Я встала и начала складывать в пакет её вещи, которых было мало: халат, кружка, вязаная шапка не по сезону. Тапки я брать не стала – чужие.
– Забери меня, – сказала она мне в спину. – Я подпишу что надо.
Телефон у двери загорелся и запиликал. Мать протянула руку, хотя с кровати было не достать.
– Только Сашеньку в тюрьму не надо, – сказала она. – Он же не со зла.
На вахте я расписалась в журнале за выезд и попросила копию договора. Сестра сказала, что копии выдаёт только заведующая и что заведующая по средам.
– Тогда я приеду в среду.
– Приезжайте.
Мать попрощалась с бабушкой у окна и почему-то долго объясняла ей, что вернётся за банкой мёда.
В такси она сидела прямо, держа пакет на коленях, и всю дорогу молчала. Потом спросила:
– А Саша знает, что я уехала?
– Знает.
– Он ругался?
Водитель включил поворотник, и мы свернули с грунтовки на трассу.
– Мам, – сказала я. – Про Сашу мы теперь говорим только у юриста.
Юристку мне нашла Тамара: её племянница судилась с застройщиком и осталась довольна. Консультация была на втором этаже над рынком, за дверью с табличкой из принтера.
– Отменить дарение вы не отмените, – сказала юристка. – Забудьте это слово. Мы будем просить признать договор недействительным: подписывала под обманом, была уверена, что взамен получит уход и проживание.
– Докажем?
– Она прописана в квартире? Жила там до января?
– Прописана. Жила.
– Значит, есть с чем идти. И считайте срок: год с того дня, как она узнала, что её обманули. То есть с января, когда он её увёз. Тянуть нельзя.

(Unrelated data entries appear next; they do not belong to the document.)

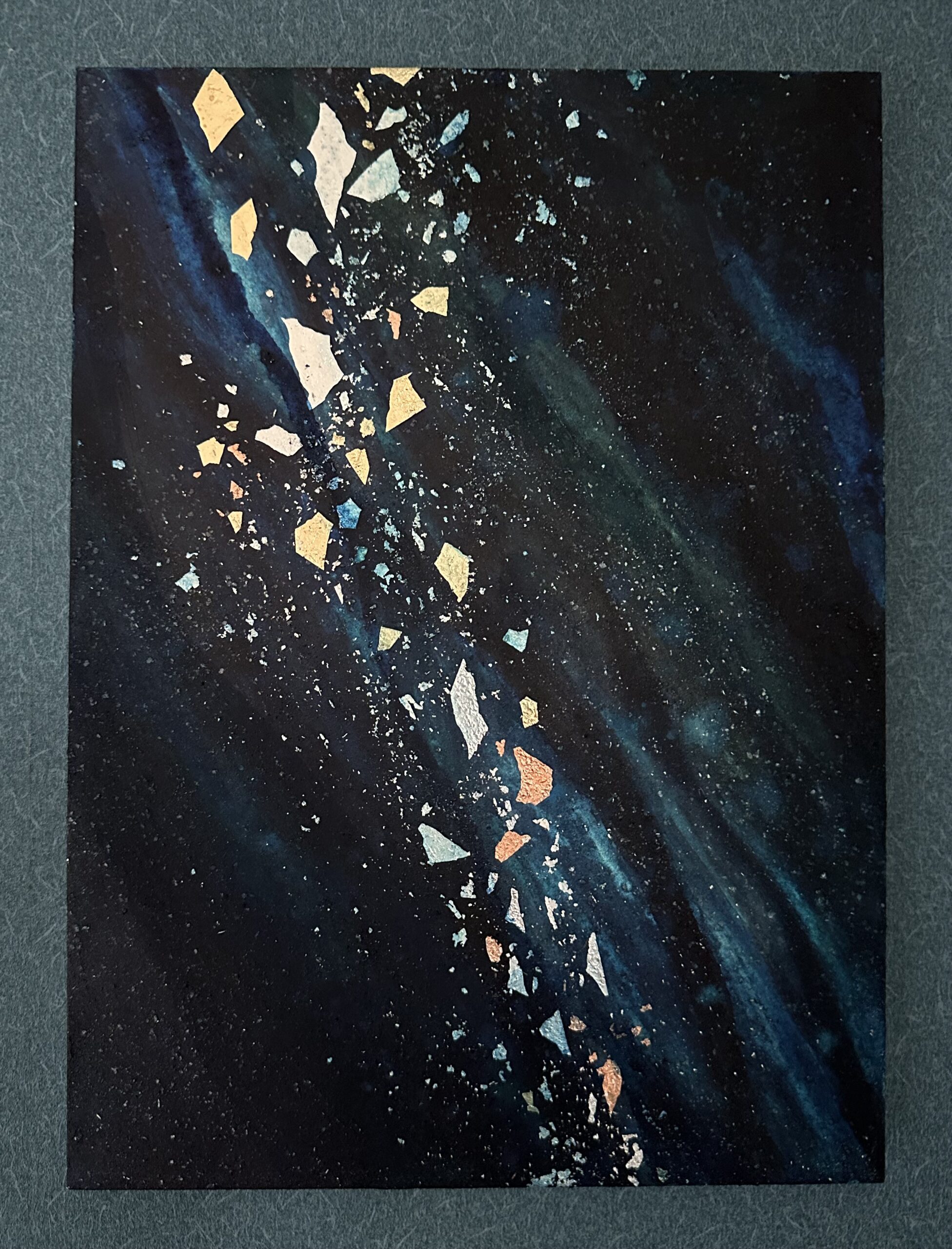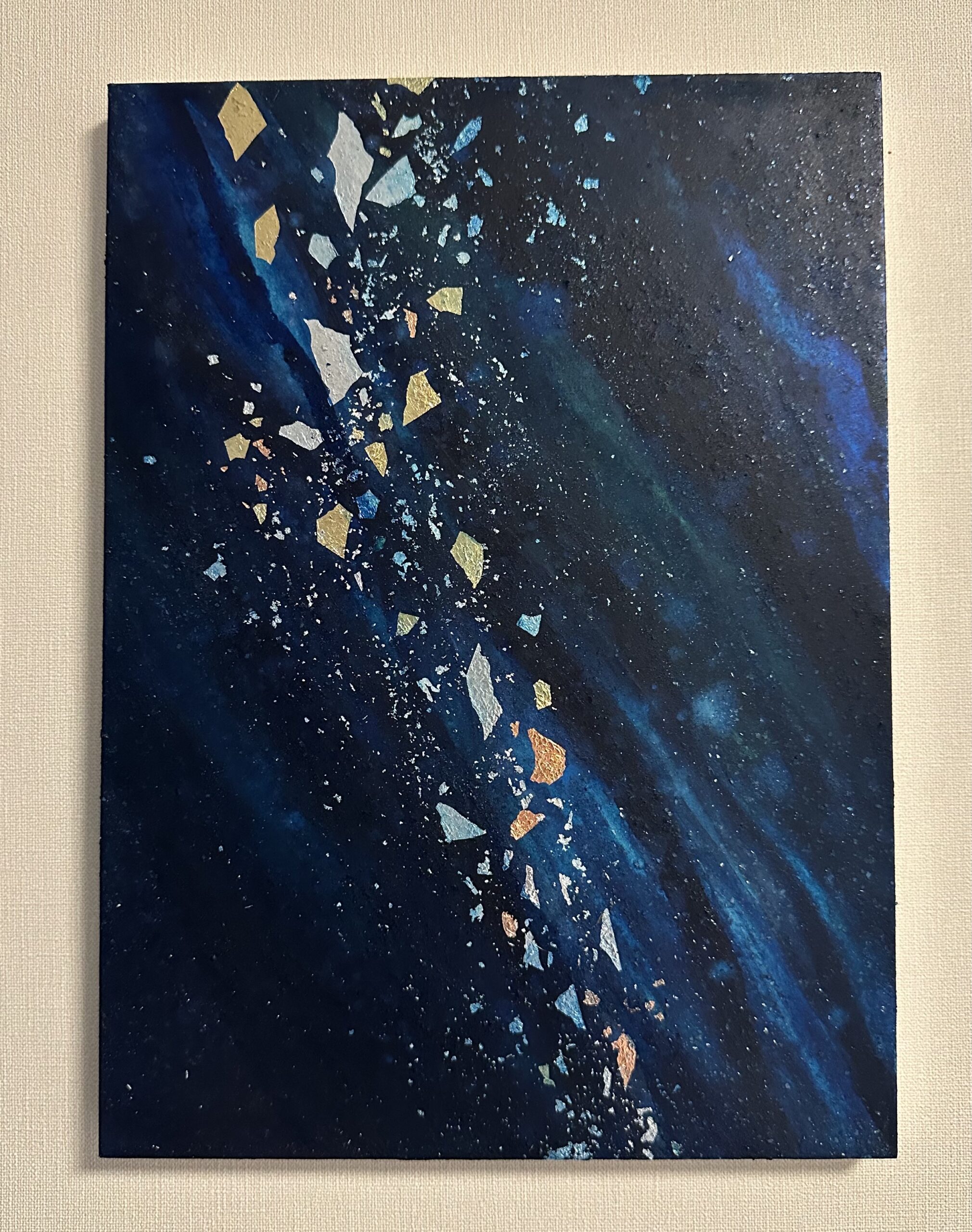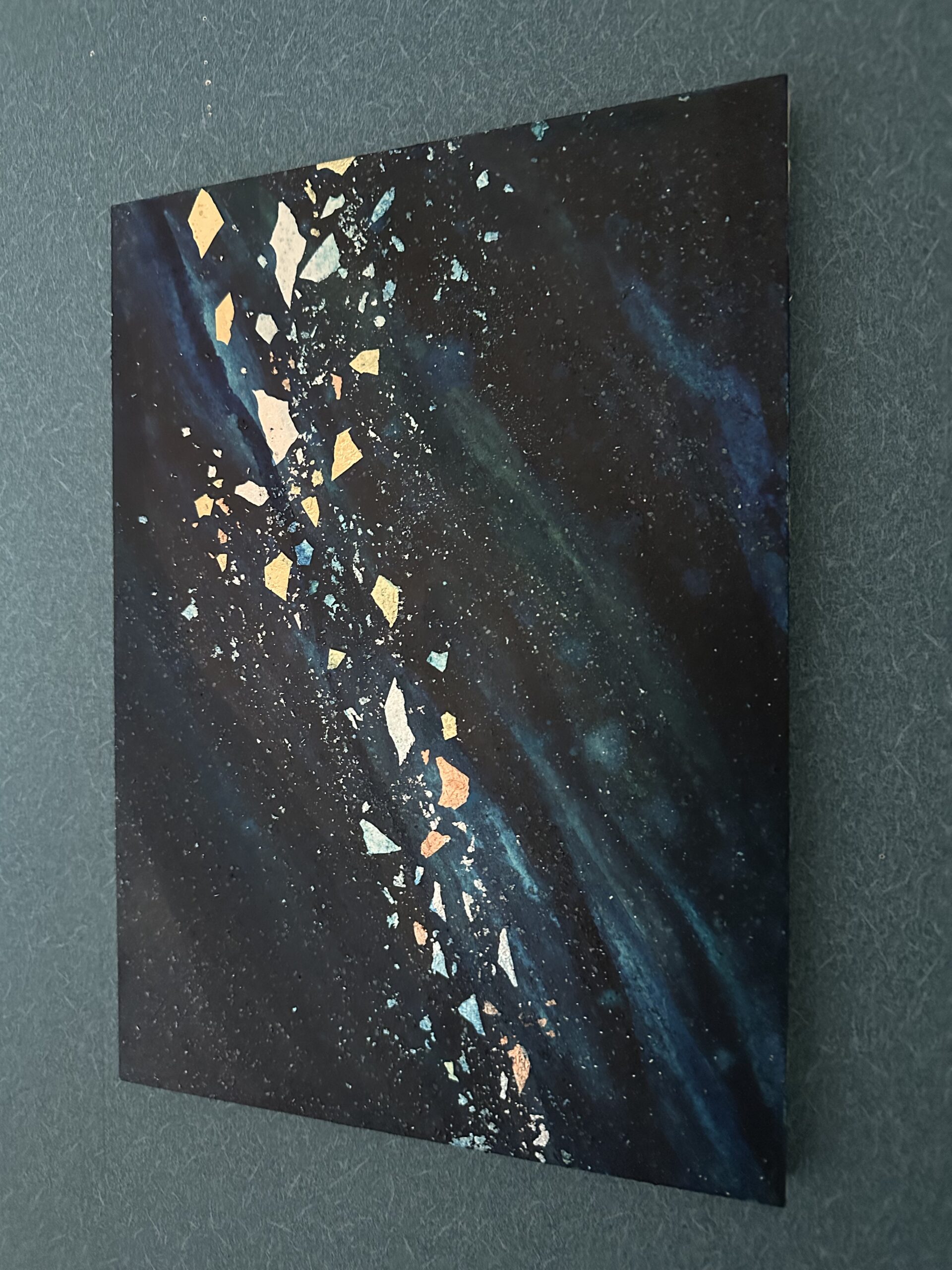箔を使用した作品は、光のあたり方によって輝き方が変わります。日中の窓から入る自然光、夜の照明の光など、光の違いにより表情がかなり変わります。また、箔の変色を抑えるためのコーティングをしておりますが、時間経過とともに少しずつ色味が変化します。その変化もお楽しみいただけますと幸いです。
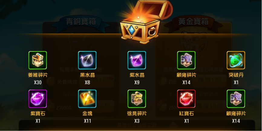           可以在寶箱中抽獎獲得完整的英雄,也可以通過收集碎片在英雄壇中招募英雄;
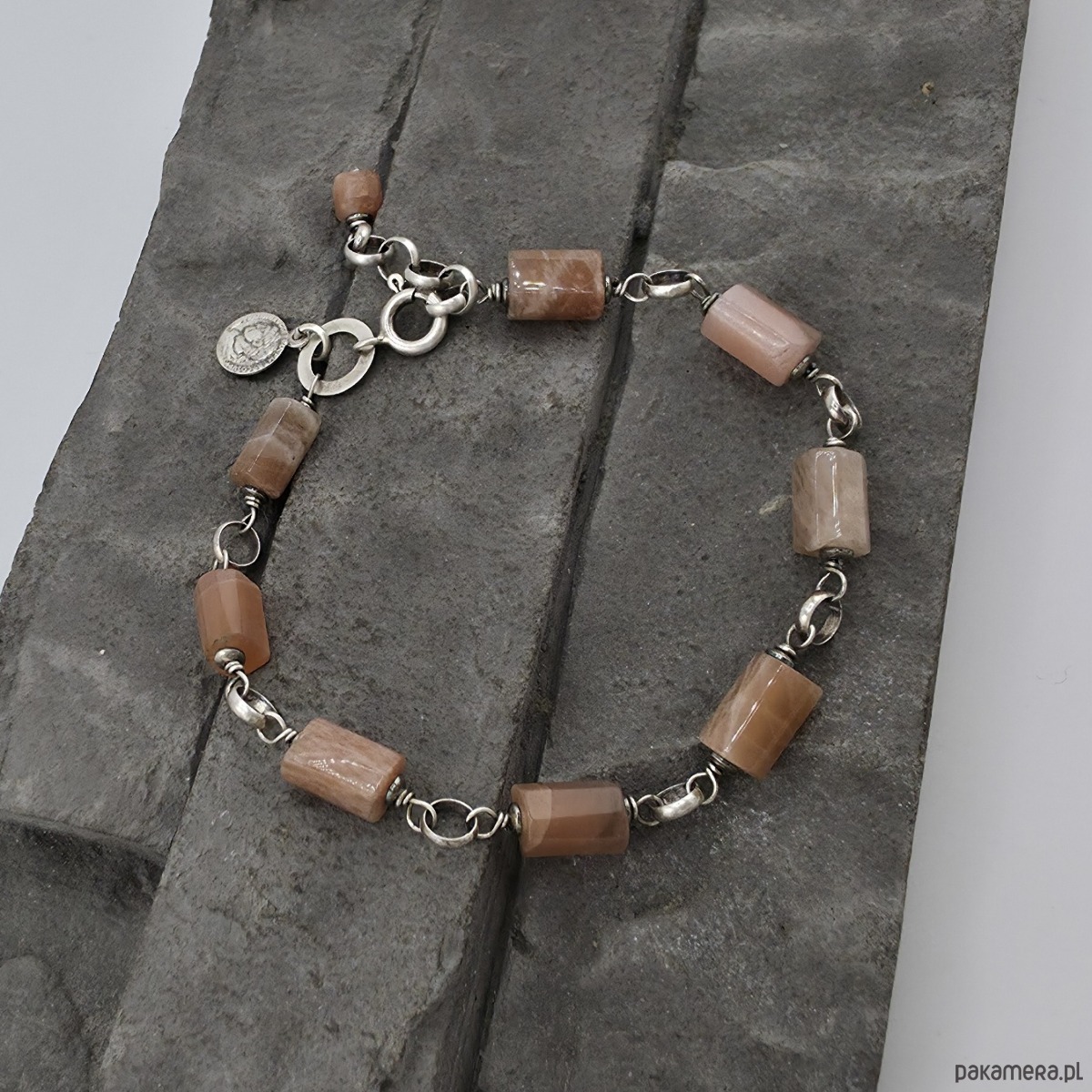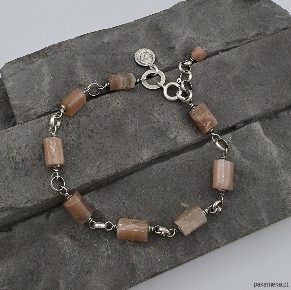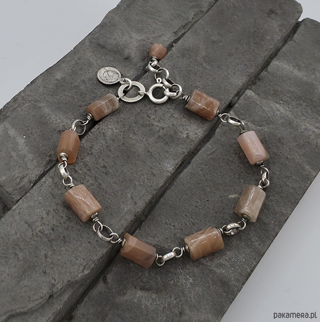 Kobieca i wyjątkowa bransoletka na co dzień i nie tylko. Wykonana w całości z oksydowanego srebra próby 925 oraz ciosanych walców kamienia słonecznego .wielkości ok. 9-10 mm x 6-7 mm. Przy zapieciu zawieszka - srebrna moneta. Całkowita długość bransoletki regulowana od 19 cm do 21 cm. W mojej galerii kolczyki do kompletu. Na życzenie moge długość bransoletki zmienić lub wykonac z innymi kamieniami. Ozdobnie zapakowana.
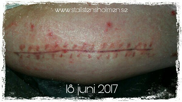 Det blev bara värre och värre under gårdagen, så idag stod jag inte ut längre utan var tvungen att ta av förbandet. Huden var röd och knottrig och det hade även satt sig på själva ärret.
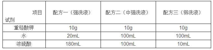 重鉻酸鉀(K2Cr2O7)在酸性溶液中,有很強(qiáng)的氧化能力,對玻璃儀器又極少有侵蝕作用。所以這種洗液在實驗室內(nèi)使用最廣泛。配制濃度各有不同,從5~12%的各種濃度都有。配方見下表,本實驗室采用配方一(強(qiáng)洗液)。
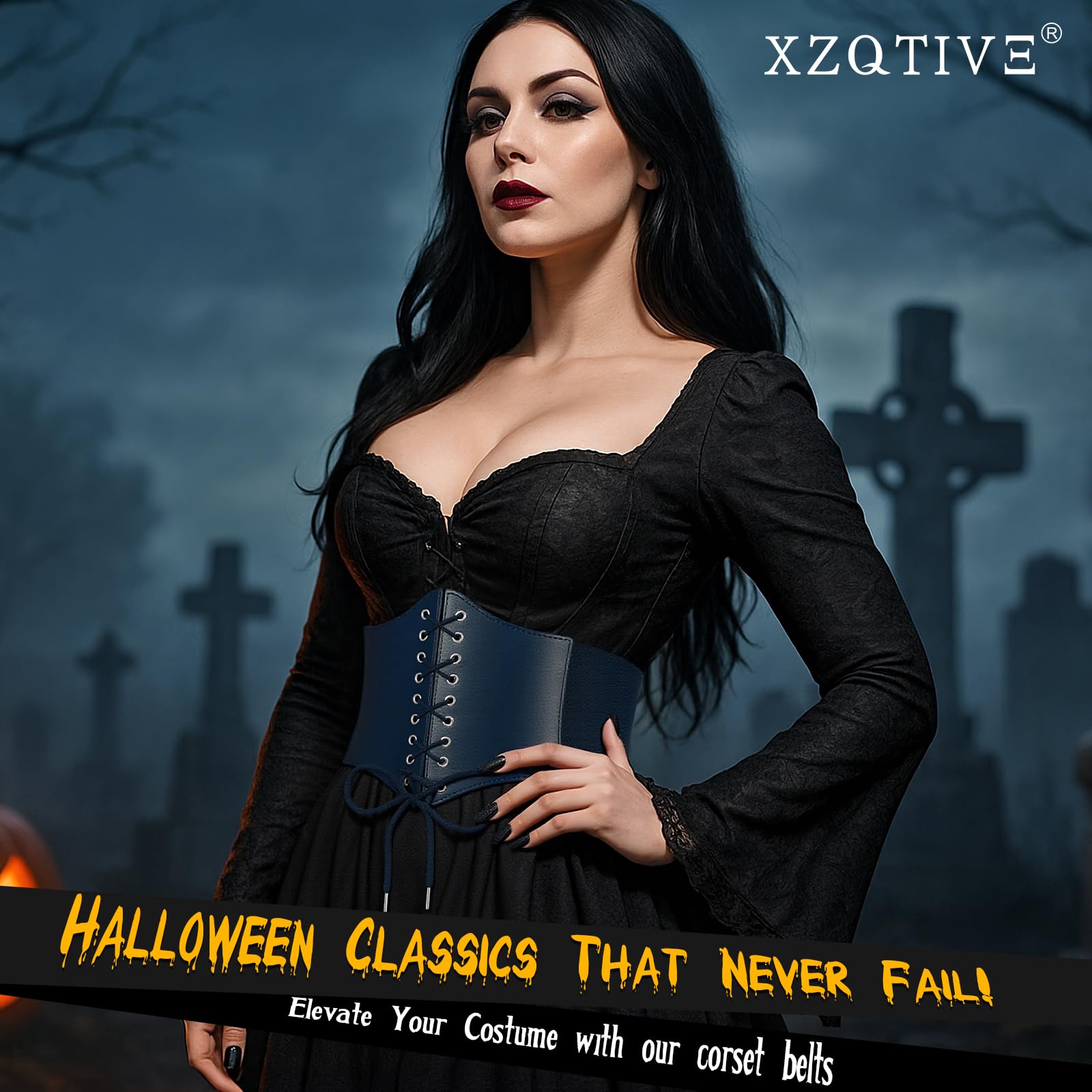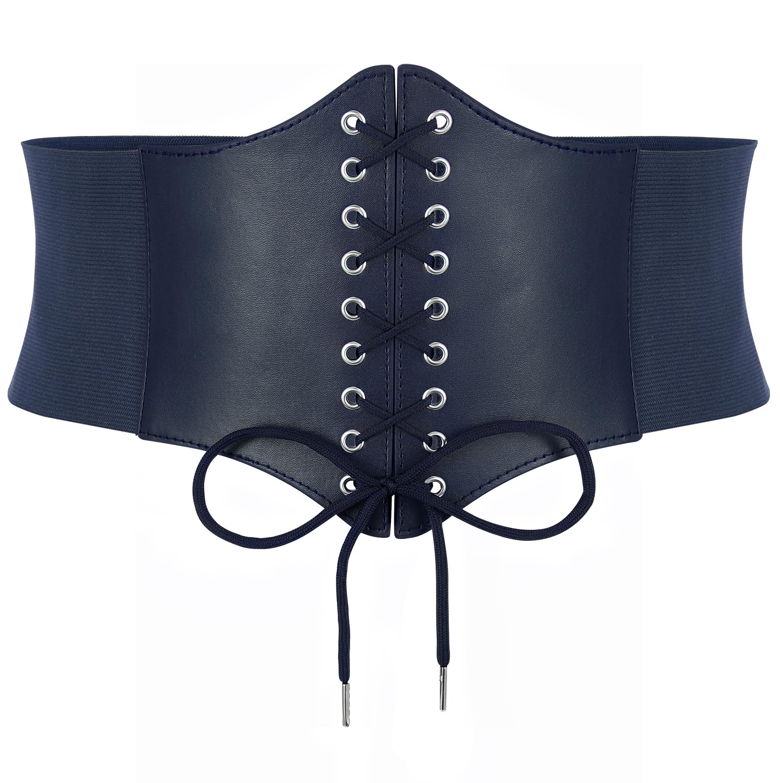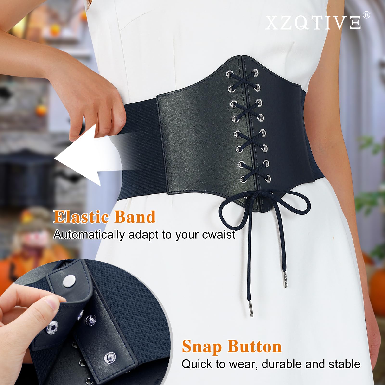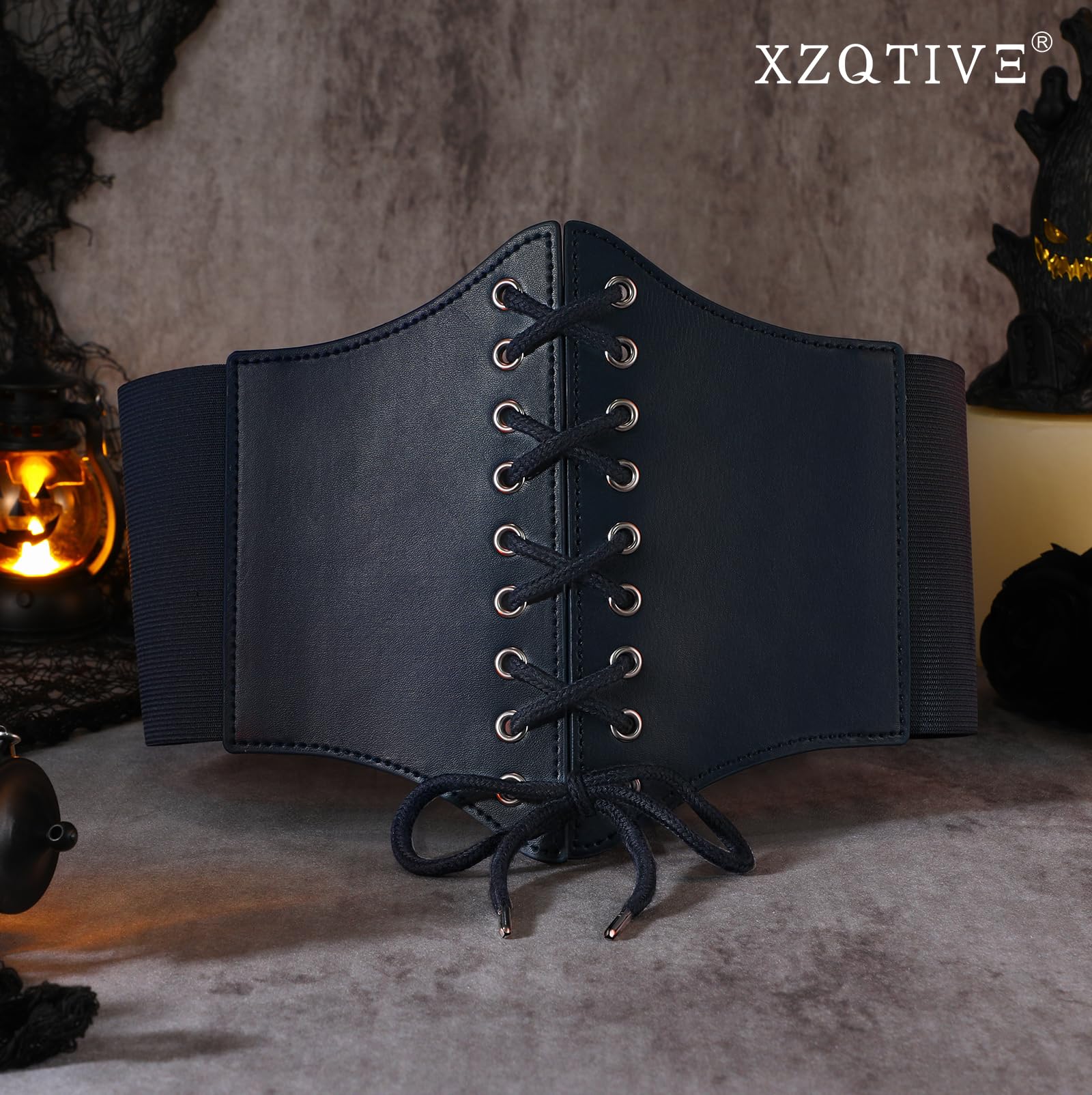 ➜ Black Corset Belt for Waist - Wide Costume cinching belt with tied corset leather on the front, elastic webbing band on the back, snap button closure to lock the belt,
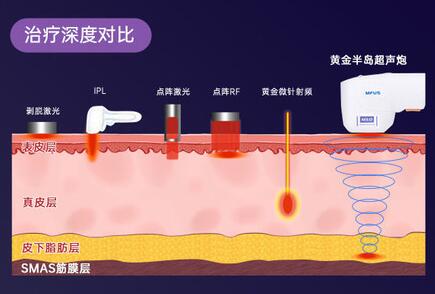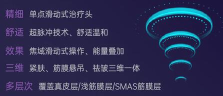 超聲炮選用的微點聚焦和大焦域的方法,實際上是沒法提升技術(shù)要求的讓步之舉。這類大區(qū)域加溫較為容易損害SMAS的附近組織,造成人體脂肪坍塌等問題。

Мать сидела рядом и всё поправляла на коленях сумку.
– А ему что будет? – спросила она.
– Ему ничего не будет, – сказала юристка. – Квартира вернётся вам, и всё.
Мать выдохнула так, что было слышно.
Дома я освободила ей комнату дочери, которая давно живёт в области. Купила клеёнку на матрас, поручень в ванную, ночник в розетку. За две недели она обжилась и стала звать нашу кухню «моя кухня».
Звонила Марина, ласково, как раньше.
– Нин, ну заберите вы её просто так, чего вы в суды полезли. Она старая, вам же всё равно потом всё достанется. По-родственному разошлись бы.
– Мы уже полезли, – сказала я.
– Ну ты подумай. Саша переживает.
Марина, к слову, за квартиру и не билась. Вклад мать сняла ещё осенью сама и отдала им «на ремонт», сколько там было – я не спрашивала ни разу.
Просто так забрать я могла. Могла ухаживать молча, кормить, водить по врачам и ничего не требовать. Только она сорок лет выбирала, и ни разу не меня. Второй раз давать ей выбирать я не собиралась.
Перед тем как везти её к себе, я ездила смотреть хороший пансионат под Ольховкой – с врачом, отдельной комнатой и своим душем.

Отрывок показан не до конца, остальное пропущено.